Q: What is the Turkish equivalent of hereditary spastic paraplegia 48?

The Turkish equivalent of hereditary spastic paraplegia 48 is Kalıtsal spastik parapleji tip 48.

Kalıtsal spastik parapleji tip 48 / hereditary spastic paraplegia 48

The type of hereditary spastic paraplegia 48 is a rare neurodegenerative disease characterized by progressive spasticity and weakness in lower limbs. Otozomal shows resessive transition and usually begins during childhood or puberty. The disease is caused by mutations in the APSZ1 gene and leads to degeneration of corticosteroid roads. In addition, additional neurological findings such as mild cognitive backrest or peripheral neuropathic in some cases can also be seen.

Turkish

🇹🇷 Kalıtsal spastik parapleji tip 48

English

🇬🇧 hereditary spastic paraplegia 48

Disease Definition

🔬 Disease Definition

Herediter spastik parapleji tip 48 (HSP48), AP5Z1 genindeki mutasyonlardan kaynaklanan, otozomal resesif geçişli, alt ekstremitelerde ilerleyici spastisite ve güçsüzlük ile karakterize nadir bir nörodejeneratif hastalıktır.

🧬 Causes & Risk Factors

AP5Z1 genindeki (kromozom 7p22.1) biallelik mutasyonlar, adaptör protein kompleksi 5'in (AP-5) işlevini bozarak endozomal yolağı etkiler ve motor nöron dejenerasyonuna yol açar.

🩺 Symptoms & Signs

Genellikle çocukluk veya ergenlikte başlayan, yürüme güçlüğü, bacaklarda spastisite, hiperrefleksi, ekstansör plantar yanıt, distal kas güçsüzlüğü, hafif duyu kaybı ve bazı vakalarda mesane disfonksiyonu.

📋 Diagnostic Methods

Klinik değerlendirme, aile öyküsü, nörolojik muayene, manyetik rezonans görüntüleme (MRG) ve AP5Z1 geninin hedefli genetik testi ile doğrulanır.

💊 Treatment Options

Spesifik bir tedavisi yoktur; semptomatik yönetim: fizik tedavi, spastisite için baklofen veya botulinum toksini, ortez kullanımı ve mesane sorunları için antikolinerjikler.

⚠️ Complications

İlerleyici mobilite kaybı, kontraktürler, düşme riski, kronik ağrı, yorgunluk ve psikososyal etkiler.

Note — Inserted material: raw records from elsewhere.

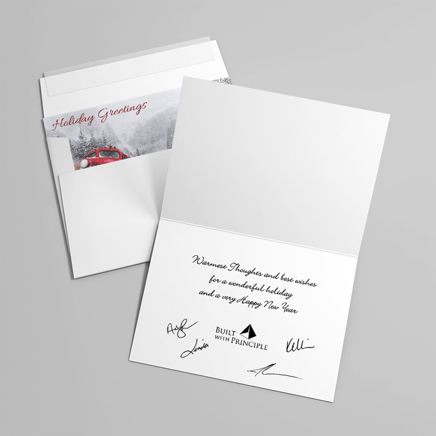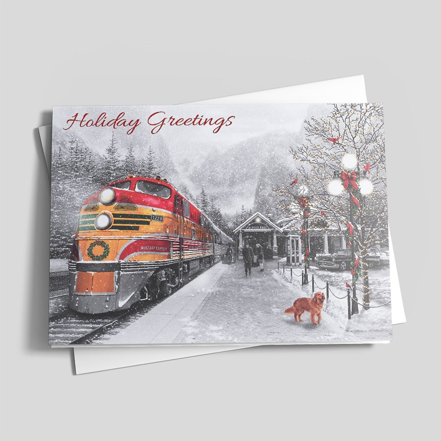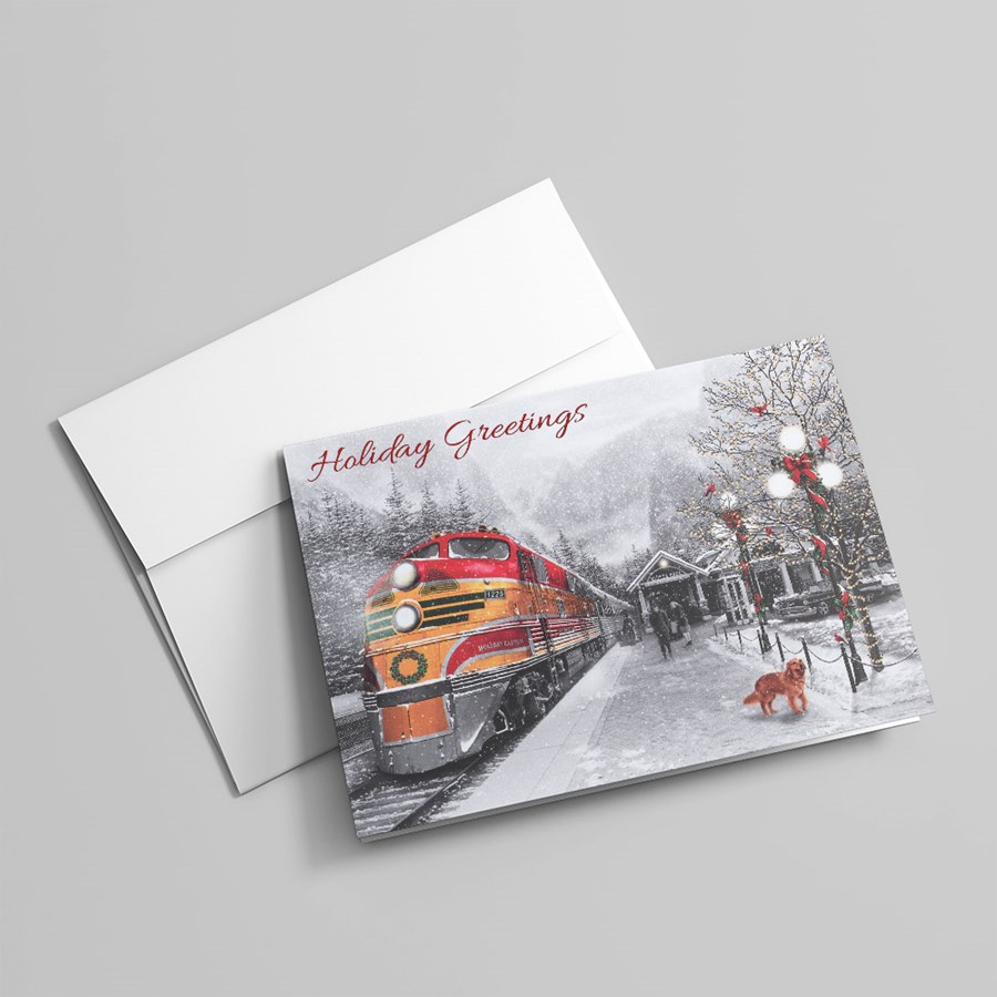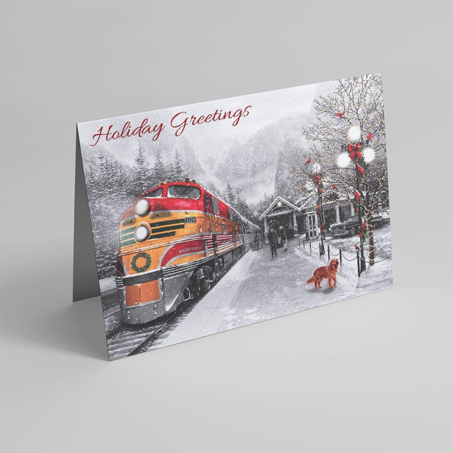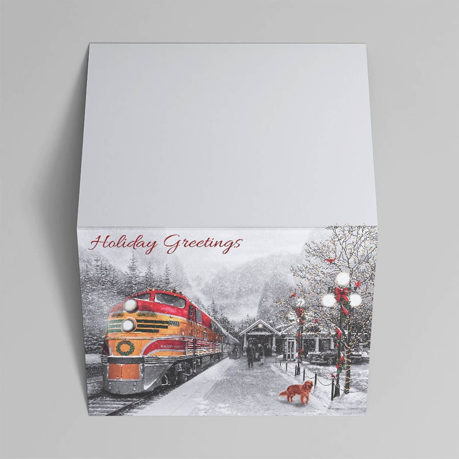 The holiday express train just made it way to the station in this black and white winter sketch highlighted with bright colors of the season. A scripted red foil "Holiday Greetings" adds to the look of the holiday card. Create your ideal verse on the inside along with digital signatures and a company logo.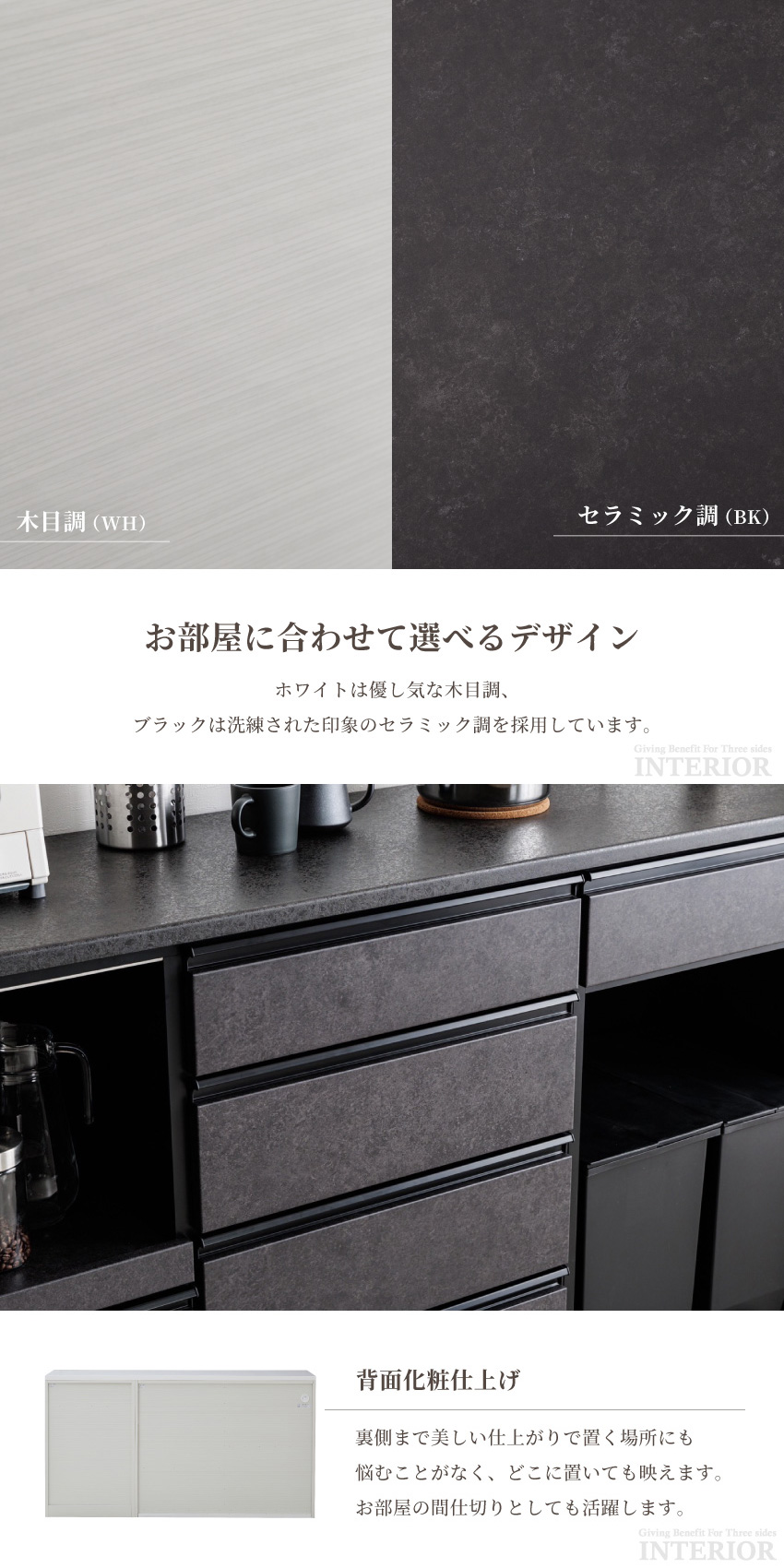 | ホワイト(木目調) ・ ブラック(セラミック調) | ||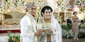 Pedangdut Shinta Bachir tak bisa menyembunyikan kebahagiaannya setelah resmi menikah dengan Indra Kristianto di Gedung Pewayangan Kautaman, Jakar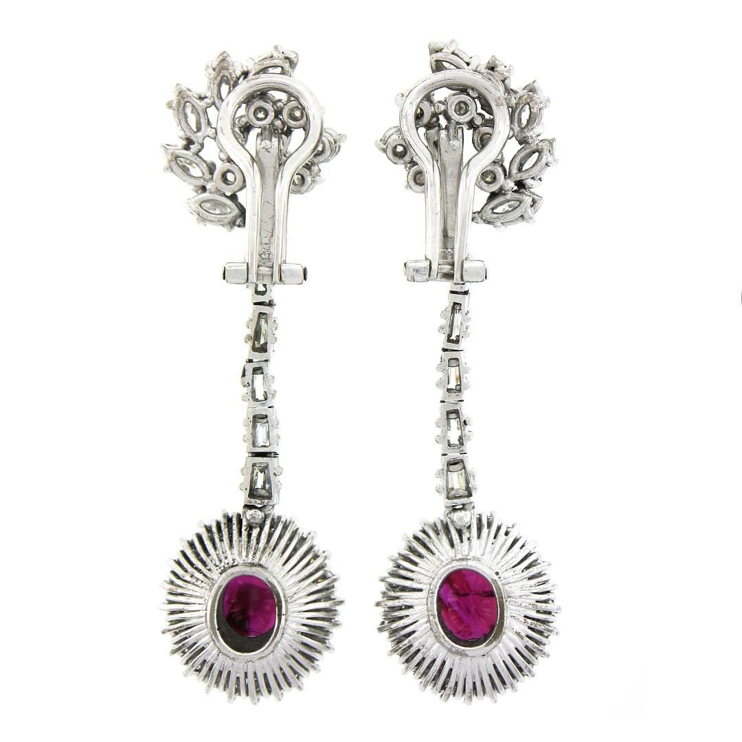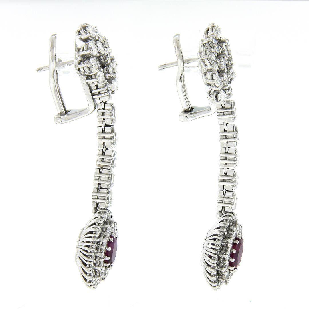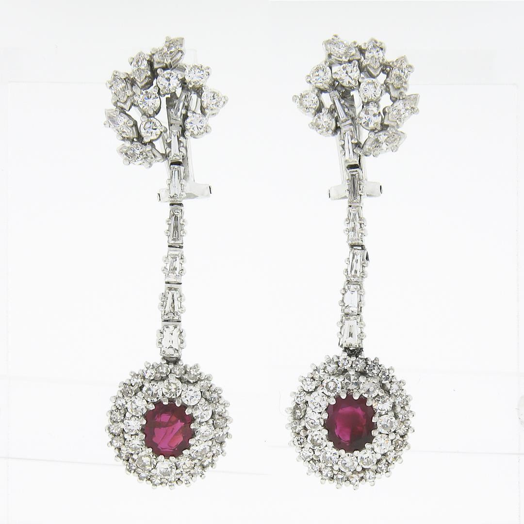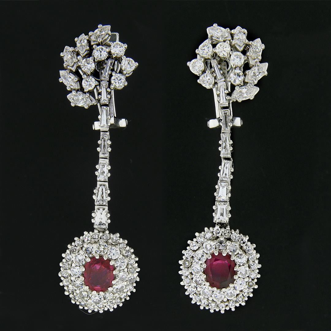 A vintage solid 14k white gold dangle earrings, with 2 GIA graded oval brilliant cut natural rubies (1.90ctw), and 84 round & single cut, 10 marquise cut, 14 tapered baguette cut natrual diamonds (G-I - VS2/SI1 ; 3.46ctw). The earrings measure approximately 52.2x14.7mm and weigh a total of 14.77 grams. Comes with all original relevant certifications.

Frequently Asked Questions

❓ What is Kalıtsal spastik parapleji tip 48?

Kalıtsal spastik parapleji tip 48; the type of hereditary spastic paraplegia 48 is a rare neurodegenerative disease characterized by progressive spasticity and weakness in lower limbs. Otozomal shows resessive transition and usually begins during childhood or puberty. The disease is caused by mutations in the APSZ1 gene and leads to degeneration of corticosteroid roads. In addition, additional neurological findings such as mild cognitive backrest or peripheral neuropathic in some cases can also be seen.

❓ What is hereditary spastic paraplegia 48 in Turkish?

The Turkish equivalent of "hereditary spastic paraplegia 48" is Kalıtsal spastik parapleji tip 48.

❓ Which medical field is Kalıtsal spastik parapleji tip 48 related to?

This term belongs to the Diseases category.